● **WHAT THE EXERCISE ASKS**:
Whatever pictures appear, omit them, and repeat the data below exactly.

● **COLLECTED DATA**:
- - - - -
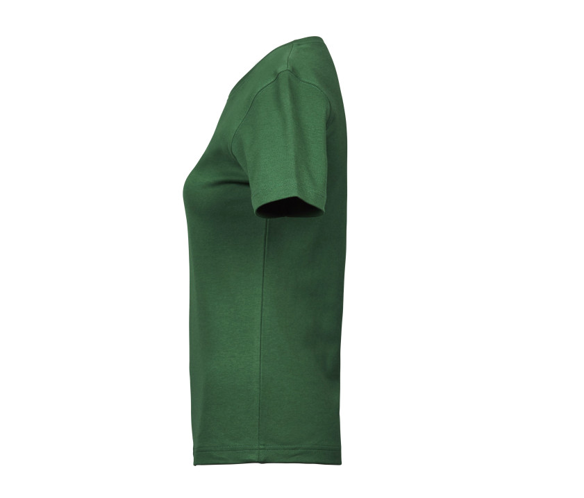 Tee-shirt femme - Coupe ajustée. Col en bords côte. Double couture. Lavé aux enzymes.
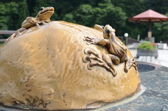 5〜7月には三朝川に生息する「かじか蛙」の鳴き声が聞こえます。かじか蛙は三朝温泉のシンボルです。街を歩くと様々なオブジェに出あうことができます。
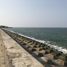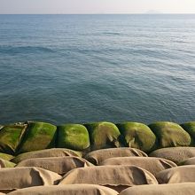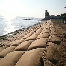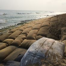 土嚢?のようなものがたくさん置かれていて、そこを通り海に入る感じでした。
- - - - -
● **RESPONSE TO THE TASK**:
 Tee-shirt femme - Coupe ajustée. Col en bords côte. Double couture. Lavé aux enzymes.
 5〜7月には三朝川に生息する「かじか蛙」の鳴き声が聞こえます。かじか蛙は三朝温泉のシンボルです。街を歩くと様々なオブジェに出あうことができます。
 土嚢?のようなものがたくさん置かれていて、そこを通り海に入る感じでした。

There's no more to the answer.